In one possible implementation, the apparatus 50 further includes: and the storage module is used for locally storing the identification of each sample, the identification of each data block and the position information of each sample in the data block.

In one possible implementation, the plurality of data blocks in the dataset are stored in a distributed system, and the sample comprises an image.

In some embodiments, functions or modules included in an apparatus provided by the embodiments of the present disclosure may be used to perform a method described in the foregoing method embodiments, and specific implementations thereof may refer to descriptions of the foregoing method embodiments, which are not repeated herein for brevity.

The disclosed embodiments also provide a computer readable storage medium having stored thereon computer program instructions which, when executed by a processor, implement the above-described method. The computer readable storage medium may be a non-volatile computer readable storage medium.

The embodiment of the disclosure also provides an electronic device, which comprises: a processor; a memory for storing processor-executable instructions; wherein the processor is configured to invoke the instructions stored in the memory to perform the above method.

Embodiments of the present disclosure also provide a computer program product comprising computer readable code which, when run on a device, causes a processor in the device to execute instructions for implementing a method of obtaining a sample as provided in any of the embodiments above.

The disclosed embodiments also provide another computer program product for storing computer readable instructions that, when executed, cause a computer to perform the operations of the method for obtaining a sample provided in any of the above embodiments.

The electronic device may be provided as a terminal, server or other form of device.

Fig. 6 shows a block diagram of an electronic device 800, according to an embodiment of the disclosure. For example, electronic device 800 may be a mobile phone, computer, digital broadcast terminal, messaging device, game console, tablet device, medical device, exercise device, personal digital assistant, or the like.

Referring to fig. 6, an electronic device 800 may include one or more of the following components: a processing component 802, a memory 804, a power component 806, a multimedia component 808, an audio component 810, an input/output (I/O) interface 812, a sensor component 814, and a communication component 816.

The processing component 802 generally controls overall operation of the electronic device 800, such as operations associated with display, telephone calls, data communications, camera operations, and recording operations. The processing component 802 may include one or more processors 820 to execute instructions to perform all or part of the steps of the methods described above. Further, the processing component 802 can include one or more modules that facilitate interactions between the processing component 802 and other components. For example, the processing component 802 can include a multimedia module to facilitate interaction between the multimedia component 808 and the processing component 802.

The memory 804 is configured to store various types of data to support operations at the electronic device 800. Examples of such data include instructions for any application or method operating on the electronic device 800, contact data, phonebook data, messages, pictures, videos, and so forth. For example, in an embodiment of the present application, the Memory 804 may be used to cache data blocks, mappings, etc. obtained from a distributed storage system, and the content Memory 804 may be implemented by any type of volatile or non-volatile storage device or combination thereof, such as Static Random-Access Memory (SRAM), electrically erasable programmable Read-Only Memory (EEPROM), erasable programmable Read-Only Memory (EPROM), programmable Read-Only Memory (Programmable Read-Only Memory, PROM), read-Only Memory (ROM), magnetic Memory, flash Memory, magnetic disk or optical disk.

The power supply component 806 provides power to the various components of the electronic device 800. The power components 806 may include a power management system, one or more power sources, and other components associated with generating, managing, and distributing power for the electronic device 800.

The multimedia component 808 includes a screen between the electronic device 800 and the user that provides an output interface.
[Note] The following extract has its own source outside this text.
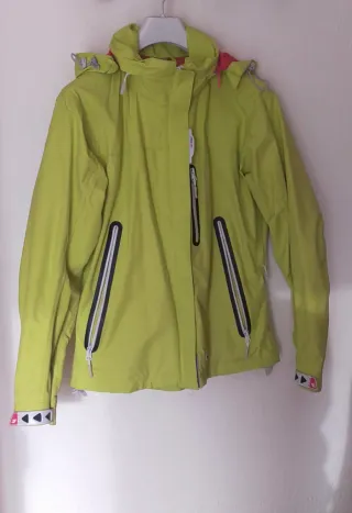 Cortavientos ligero con detalles en color lima. Se vende ya que no es mi talla. - Cierre de cremallera frontal. - Cuello alto. - Logo de la marca en el pecho.

In some embodiments, the screen may include a liquid crystal display (Liquid Crystal Display, LCD) and a Touch Panel (TP). If the screen includes a touch panel, the screen may be implemented as a touch screen to receive input signals from a user. The touch panel includes one or more touch sensors to sense touches, swipes, and gestures on the touch panel. The touch sensor may sense not only the boundary of a touch or slide action, but also the duration and pressure associated with the touch or slide operation. In some embodiments, the multimedia component 808 includes a front camera and/or a rear camera. When the electronic device 800 is in an operational mode, such as a shooting mode or a video mode, the front camera and/or the rear camera may receive external multimedia data. Each front camera and rear camera may be a fixed optical lens system or have focal length and optical zoom capabilities.

The audio component 810 is configured to output and/or input audio signals. For example, the audio component 810 includes a Microphone (MIC) configured to receive external audio signals when the electronic device 800 is in an operational mode, such as a call mode, a recording mode, and a voice recognition mode. The received audio signals may be further stored in the memory 804 or transmitted via the communication component 816. In some embodiments, audio component 810 further includes a speaker for outputting audio signals.
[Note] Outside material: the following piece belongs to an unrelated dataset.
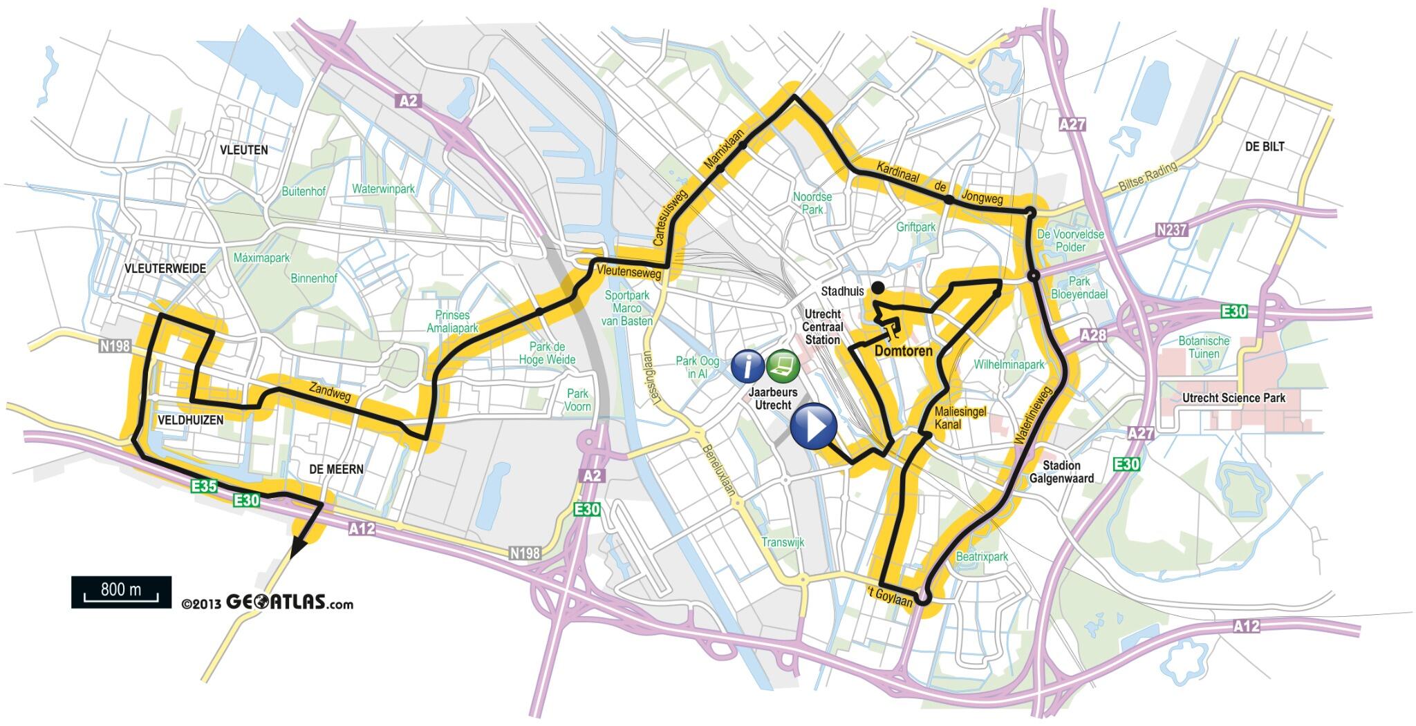 Dat blijkt uit het routeschema dat de tourdirectie vanochtend vrijgaf. De proloog -op 4 juli 2015- voert nog wel een stukje richting Heuvelrug, maar keert al bij de Uithof om richting stad. De tweede etappe doet eerst een rondje stad, inclusief de Dompoort en Leidsche Rijn. De karavaan verlaat vervolgens de stad via een viaduct onder de A12, om langs Achthoven en de Hollandsche IJssel verder richting Montfoort te fietsen.

The I/O interface 812 provides an interface between the processing component 802 and peripheral interface modules, which may be a keyboard, click wheel, buttons, etc. These buttons may include, but are not limited to: homepage button, volume button, start button, and lock button.

The sensor assembly 814 includes one or more sensors for providing status assessment of various aspects of the electronic device 800. For example, the sensor assembly 814 may detect an on/off state of the electronic device 800, a relative positioning of the components, such as a display and keypad of the electronic device 800, the sensor assembly 814 may also detect a change in position of the electronic device 800 or a component of the electronic device 800, the presence or absence of a user's contact with the electronic device 800, an orientation or acceleration/deceleration of the electronic device 800, and a change in temperature of the electronic device 800. The sensor assembly 814 may include a proximity sensor configured to detect the presence of nearby objects without any physical contact. The sensor assembly 814 may also include a light sensor, such as a complementary metal oxide semiconductor (Complementary Metal Oxide Semiconductor, CMOS) or Charge-coupled Device (CCD) image sensor, for use in imaging applications. In some embodiments, the sensor assembly 814 may also include an acceleration sensor, a gyroscopic sensor, a magnetic sensor, a pressure sensor, or a temperature sensor.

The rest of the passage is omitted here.